Concernant le fonctionnement, les ateliers sont animés principalement par des doctorant.e.s qui effectuent, au même titre que des heures de monitorat, leur mission doctorale. Cela assure ainsi une capacité d’accueil importante et des animations en prise directe avec le monde de la recherche. Une assistante ingénieure est détachée en mi-temps par l’université pour garantir la bonne marche des différents ateliers scientifiques et pour continuer d’en concevoir de nouveaux.
Le projet est en maturation depuis 2013, où de nombreux universitaires, doctorant.e.s travaillent à la réalisation des ateliers et séquences pédagogiques. Ils ont été accompagnés par 2 enseignant.e.s de l’éducation nationale mis à disposition par l’académie de Versailles. Depuis 2015, les contenus sont testés par des classes volontaires. Les partenariats, le savoir-faire et les pratiques expérimentées ont ainsi permis d’imaginer un lieu totalement adapté aux futurs usages et notamment à l’accueil d’un public scolaire.
Nos coups de cœurs :
la vidéo d’accueil par les deux parrains Jamy Gourmaud et Wendelin Werner sur l’égalité face à la science, la méthode d’investigation et l’importance de la recherche dans la société / Le mur qui met à l’honneur les femmes et hommes scientifiques / La scénographie / Le lien étroit avec le monde de la recherche
L’espace Numérique de l’Exploradôme
Association Savoir Apprendre - Vitry sur Seine
En début d’après-midi, changement de département pour aller en direction de Vitry sur Seine à la rencontre de Nicolas Mangeot à la tête du pôle numérique de l’Exploradôme.
Il est vrai que dans le réseau de la culture scientifique, la réputation de l’Exploradôme en matière de nouvelles technos et de médiation au numérique n’est pas à faire. Il nous tardait donc de découvrir concrètement les lieux, l’équipement, le contenu des ateliers et le fonctionnement de l’équipe numérique.
Nous profitons du retard d’un groupe de jeunes, qui vient faire un atelier light painting, pour découvrir la salle numérique. Elle se trouve au premier étage du bâtiment. L’espace est assez simple. Il est composé d’une quinzaine de postes d’ordinateurs disposés sur des tables à roulettes. Ici tout est adaptable mais d’expérience, c’est la disposition du jour qui est la plus souvent adoptée permettant ainsi au médiat.eur.rice d’avoir une vue sur l’ensemble du groupe.

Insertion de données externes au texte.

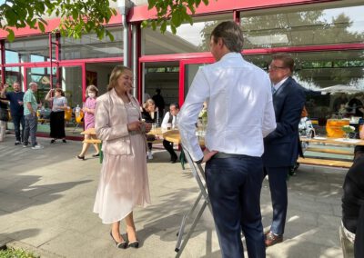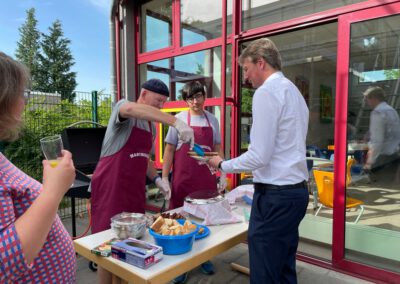 Nach der Übergabe der Abschlusszeugnisse und vielen Glückwünschen, stießen alle miteinander auf diesen Festtag an und bei bestem Wetter fand der Ausklang des Abends in der Mensa und auf dem Schulhof, mit leckeren Speisen und Getränken, statt.

A part les ordinateurs, l’équipement en machine est plutôt léger : une imprimante 3D, une découpe vinyle Curio, quelques robots Tymio, etc…
Sous cette ambiance sobre, loin de ce que nous pouvons fantasmer d’un Fablab, nous devinons rapidement la véritable force de frappe de l’Exploradôme : ses ateliers !
Quatre médiat.eur.rices numériques forment une équipe stable, hyper efficace, passionnée et réactive. Ils imaginent, ré-inventent, perfectionnent en continu un ensemble de 80 ateliers pour tous les publics sur des thématiques aussi diverses que la découverte du code, retouche image, robotique, utilisation du smartphone, film d’animation en stop motion, light painting, modélisation sonores, réalisation de roman photo, etc. L’objectif ici est que le public s’initie au numérique et à internet, développe des réflexes de sécurité face au monde du cyber espace et s’approprie le fonctionnement des logiciels pour des usages quotidiens. L’espace numérique fonctionne réellement comme un lieu de recherche pédagogique pour les nouvelles applications des TUIC (Technologies Usuelles de l’Information et de la Communication). A chaque idée, un atelier est conçu puis testé en amont en face public.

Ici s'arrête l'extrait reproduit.